High -defense CDN node safety protection plan (hereinafter referred to as high -defense CDN nodes) uses enough CDN node connection points and single CDN node connection points to have certain DDOS security protection capabilities to achieve security protection when server DDOS attacks. Generally speaking, the number of CDN nodes of high-defense CDN manufacturers is greater than 50, and the DDOS protection capacity of single CDN nodes is between 20-100Gbps.

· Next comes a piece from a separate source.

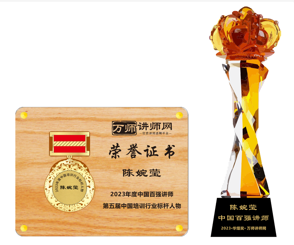 恭喜陳婉瑩老師榮獲萬師講師網2023年度中國百強講師 暨第五屆中國培訓行業標桿人物
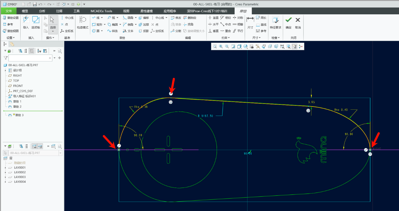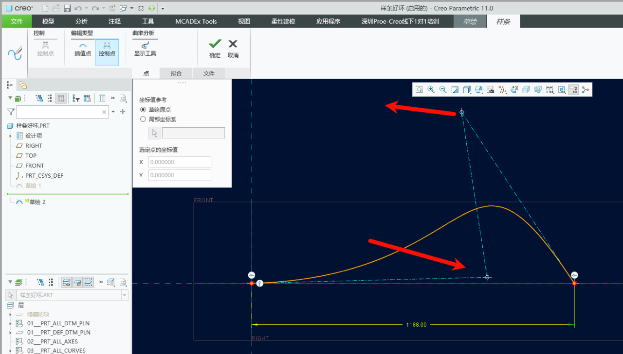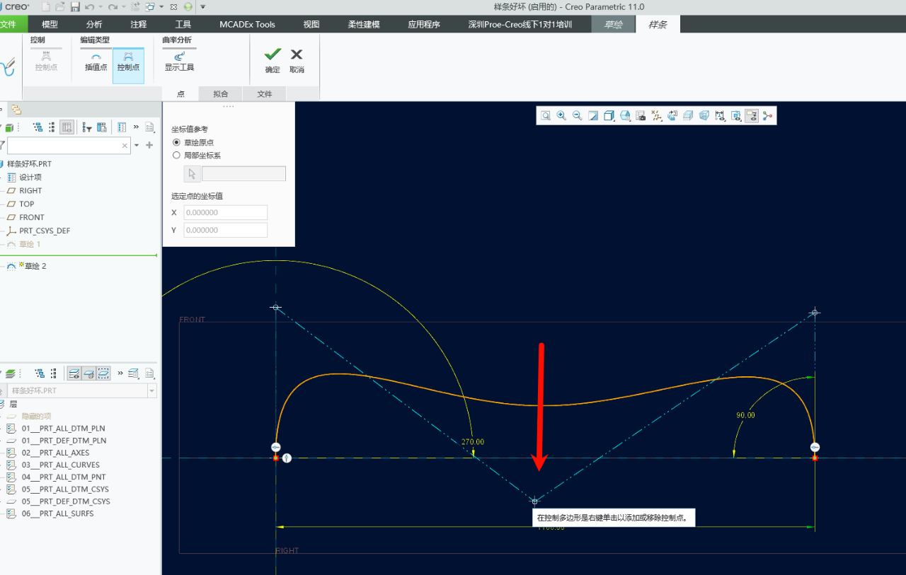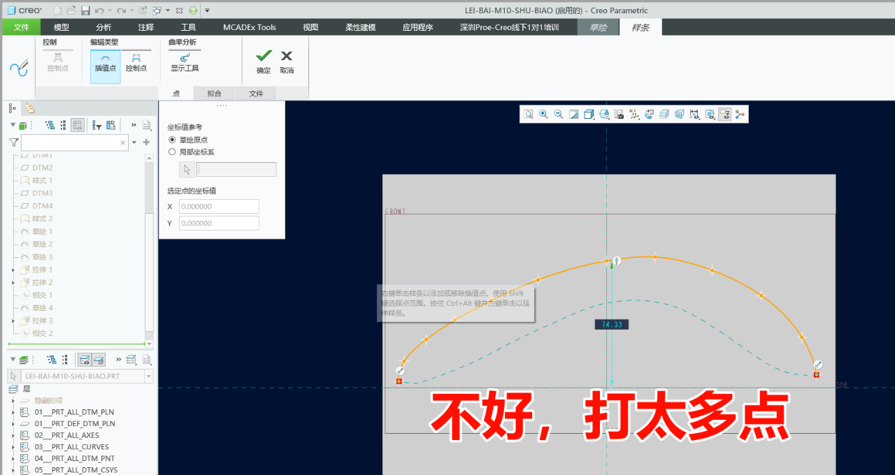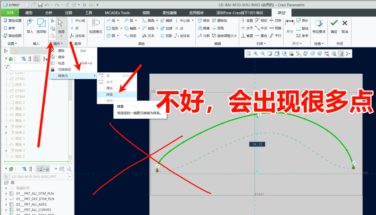 绘制样条,标注距离尺寸之后,依次点取样条-点-线(三者顺序随意,但是必须将交点选上),然后中键标注角度尺寸!

CDN high defense has the following five characteristics:
Website acceleration capabilities are better: CDN nodes are generally distributed according to the province according to the line. Business traffic is generally scheduled through DNS intelligent analysis. Users can access business websites through the best CDN nodes. CDN nodes can be on business websites. Static resources are accelerated, so the delay of user access will be greatly reduced, and the experience will be better.
The seven -layer protection ability is better: because the main function of the CDN node is to accelerate and forward the seven layers, so single CDN nodes have a certain processing ability, plus many distributed nodes, so when the DDOS attack against URL It will be scattered by DNS to scattered to each CDN node, and make full use of the width of the entire network to achieve effective protection.
DDOS attacks that cannot be defensive: Because the protection capacity of high-defense CDN nodes is generally between 20-100Gbps. If the attacker is bound to the host to specify the node to attack, or launch an attack on each node IP The protection capacity of the CDN node will cause all business services to be interrupted by all business services of a single CDN node. If the attacker launch a large traffic attack in order for the CDN node, it will cause the user's business to switch between the nodes (a single switching time is about about about about 2-5 minutes), it may even cause the entire service to interrupt.
Sharing IP cannot distinguish between specific attacks: CDN nodes generally allocate the business by sharing IP segments. One IP may load multiple domain name services. Therefore, if an IP suffers from DDOS attacks, it is not possible to distinguish which domain name business comes from. The general approach of high -defense CDN manufacturers is to return all the business domain names related to IP. This method will cause the attack traffic directly to the source station, or expose the source station to the attacker, causing the source station's security risk to increase sharply.
Support the hidden source station: The high -defense CDN exposes the shared IP address segment of each node. The business of the source station is realized through the CDN node IP. Safety.
Analysis of high -defense IP protection solutions
High -defense IP Protection Scheme (hereinafter referred to as high -defense IP) is a DDOS protection node that uses the large bandwidth and protection capabilities of construction in various regions to achieve DDOS protection. Generally speaking, the number of high -defense IP manufacturers in the country's protection nodes is 2 is 2 -10, a single-node DDOS protection capacity is generally between 300-1000Gbps.
High -defense IP protection has the following three characteristics:
DDOS protection effect: For the needs of different customers, high -defense IP manufacturers generally provide one or more high -defense nodes to protect the customer's business. All the traffic of customers will converge to high defense nodes, and high defense nodes generally have 300 300 -1000Gbps's protection capacity, as long as the attack traffic is smaller than the maximum protection capacity of the node, the node can be easily cope.
Website acceleration ability is slightly weaker: High -defense IP nodes are generally less than 10, and they cannot be accelerated by the website through the CDN nodes provided by the provinces, but high -defense IP can also provide multiple regional nodes. Static resources have accelerated caching and DNS scheduling according to the region or lines, which can effectively reduce the use of bandwidth resources of the source station and realize the ability to access according to the region or line.
Support hidden source stations: High -defense IP is exposed to the independent high -defense IP of each node. Through the independent IP of each high -defense node, business forwarding is achieved. The attacker cannot obtain the real user source station through business interaction, thereby ensuring the source station. Safety.
According to the above comparison results, CDN's high defense DDOS protection capacity is weaker than high defense IP, but website acceleration capabilities account for excellent requirements. Wait for business. High -defense IP is suitable for users with low requirements for website acceleration. DDOS attack threats are not clear, and users with frequent dynamic interactions with the source station, such as game business, Internet financial business, small promotion websites, external business systems, etc.
At present, there are very few DDOS attacks below 100Gbps, and the attack traffic is still expanding. If it is necessary to effectively protect the DDOS attack, the maximum protection capacity of a single node is the most important. Only the single -point protection capacity is sufficient can the DDOS suffer from the large traffic DDOS can be ensured The business is not affected by any time when attacking.